In January, GE Healthcare debuted on Nasdaq after officially spinning-off from its parent company, following an announcement from GE late last year that it would be splitting into three companies: GE Aerospace, GE HealthCare, and GE Verona (which is the combination of GE Renewable Energy, GE Power, GE Digital, and GE Energy Financial Services).
Since becoming its own company, GE Healthcare has entered into an agreement to acquire IMACTIS, a company in the field of computed tomography interventional guidance, as well as buying ultrasound guidance startup Caption Health.
The company has also partnered with Advantus Health Partners, a health care solutions company, to provide GE HealthCare’s Healthcare Technology Management services to Advantus Health Partners’ clients for 10 years, as well as an announcement of US FDA 510(k) clearance of its CARESCAPE Canvas patient monitoring platform.

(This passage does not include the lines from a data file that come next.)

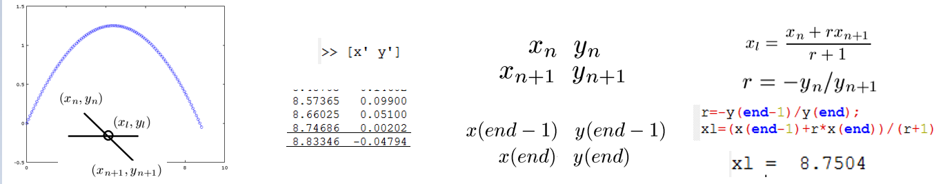 The landing point is the x_L value with y_L=0. However, in most calculations, we will find y(i)>0 and y(i+1)<0. Suppose the slope is the same when dt is small enough.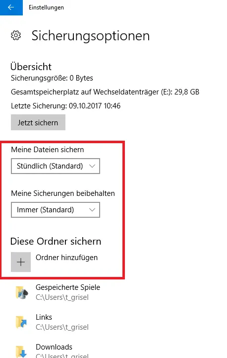 8. Per Standard sind alle persönlichen Verzeichnisse ausgewählt (C:\Users\[Nutzername]). Sollten weitere Verzeichnisse gesichert werden, können diese über "Ordner hinzufügen" ergänzt werden (Bild 6).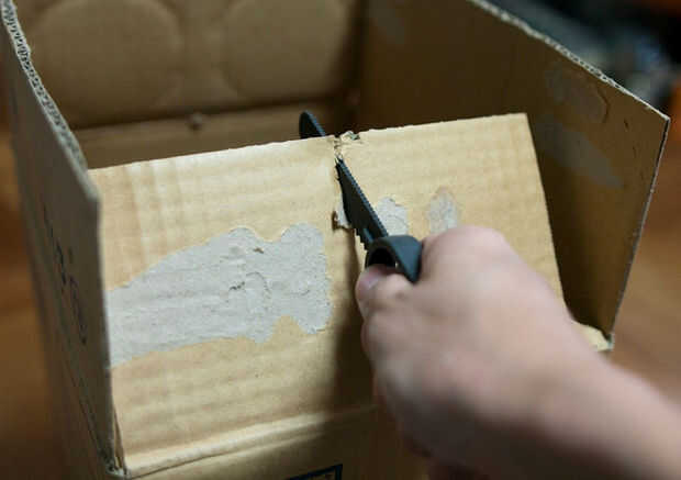 Segura-Sierra de Makedo y vi el centro de la solapa superior para cumplir con el punto de donde la puntuación línea cumple. Repita el paso 2 y 3 en el otro lado de la caja.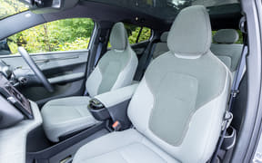 しかし、いざアクセルを踏み込むと、そのしとやかさが吹き飛ぶほどの、パンチの効いた加速が得られる。ちなみに0-100km/h加速は3.6秒とボルボ史上最速、ガソリンエンジン車のプレミアムスポーツカー並みに強烈。BEVで言うとヒョンデの「IONIQ5 N」の3.4秒に次ぐ俊足ぶりだ。
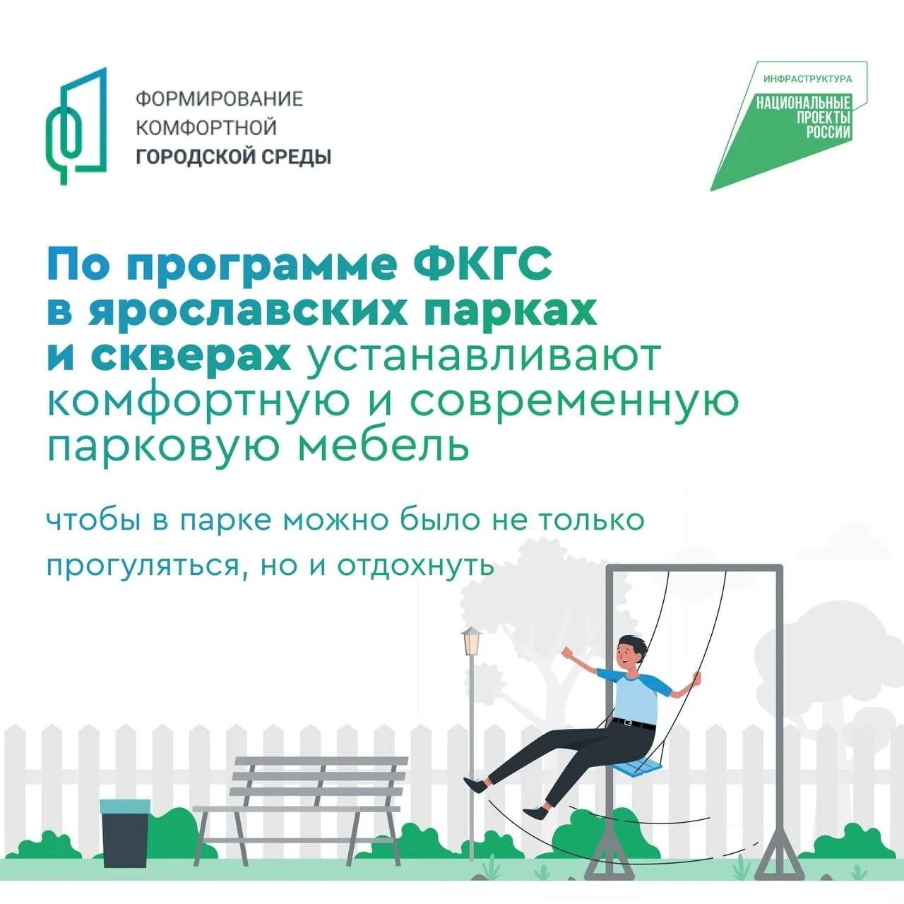 По федеральной программе «Формирование комфортной городской среды» общественные пространства в Ярославле становятся современными, комфортными и интересными. Из чего именно может состоять благоустройство территорий, рассказали в карточках

"Our goal is to make it easier for Children's Mercy to orchestrate daily patient care, which in the end means it's that much easier to answer the crucial question: can you accept this child," Jeff Terry, CEO, Command Centers at GE HealthCare, said in a statement.
"The Patient Progression Hub combines several existing teams into a new center-of-gravity for patient access and supports throughput and quality care delivery. GE HealthCare is proud to provide its 'Command Center' software which is used in the Hub and across Children's Mercy."